## [WHAT IS REQUIRED]
Please repeat exactly the lines below from the line with "Cadena Acero Blanco" to the line with "been after them", including both, and leave out every picture.

## [RECORDS SUPPLIED]
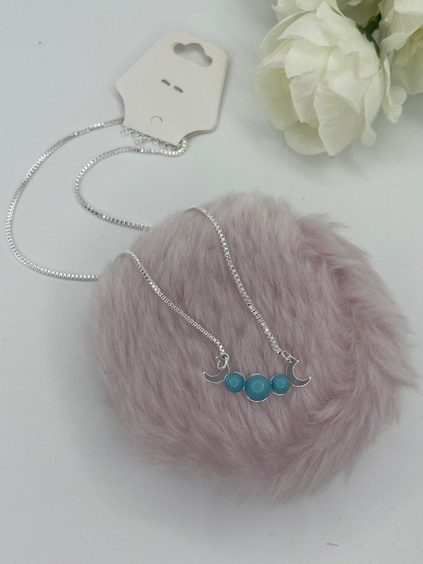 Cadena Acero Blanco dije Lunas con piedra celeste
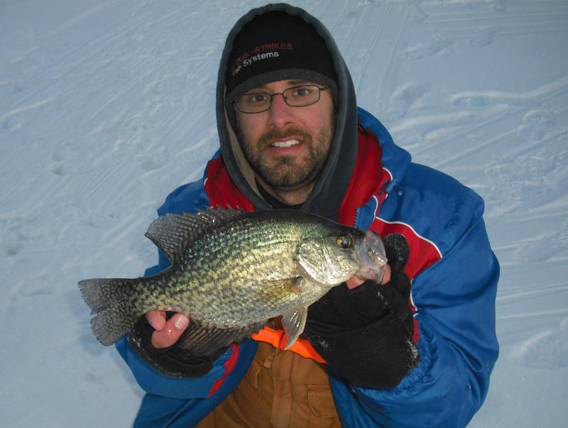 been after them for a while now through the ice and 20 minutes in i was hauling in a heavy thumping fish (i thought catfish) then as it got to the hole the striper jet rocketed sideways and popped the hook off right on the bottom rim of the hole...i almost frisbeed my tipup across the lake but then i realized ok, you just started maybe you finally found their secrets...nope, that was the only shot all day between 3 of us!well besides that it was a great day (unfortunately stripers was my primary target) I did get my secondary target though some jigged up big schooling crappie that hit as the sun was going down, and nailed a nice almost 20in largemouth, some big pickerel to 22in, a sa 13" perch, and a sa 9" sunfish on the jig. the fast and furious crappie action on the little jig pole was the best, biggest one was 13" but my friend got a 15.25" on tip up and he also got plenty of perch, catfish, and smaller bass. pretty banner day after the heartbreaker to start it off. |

==

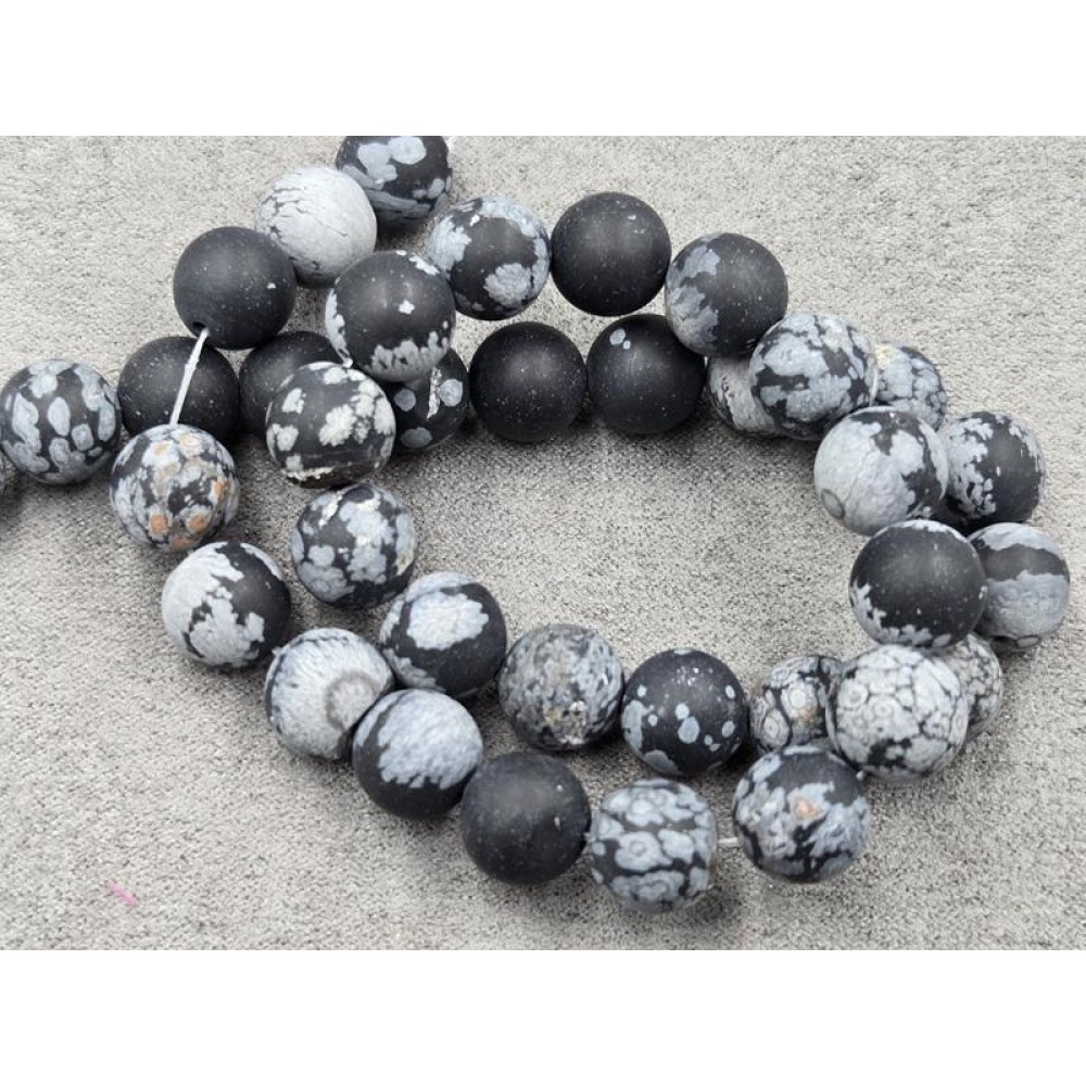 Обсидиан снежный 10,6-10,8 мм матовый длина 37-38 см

## [SOLUTION]
 Cadena Acero Blanco dije Lunas con piedra celeste
 been after them for a while now through the ice and 20 minutes in i was hauling in a heavy thumping fish (i thought catfish) then as it got to the hole the striper jet rocketed sideways and popped the hook off right on the bottom rim of the hole...i almost frisbeed my tipup across the lake but then i realized ok, you just started maybe you finally found their secrets...nope, that was the only shot all day between 3 of us!well besides that it was a great day (unfortunately stripers was my primary target) I did get my secondary target though some jigged up big schooling crappie that hit as the sun was going down, and nailed a nice almost 20in largemouth, some big pickerel to 22in, a sa 13" perch, and a sa 9" sunfish on the jig. the fast and furious crappie action on the little jig pole was the best, biggest one was 13" but my friend got a 15.25" on tip up and he also got plenty of perch, catfish, and smaller bass. pretty banner day after the heartbreaker to start it off. |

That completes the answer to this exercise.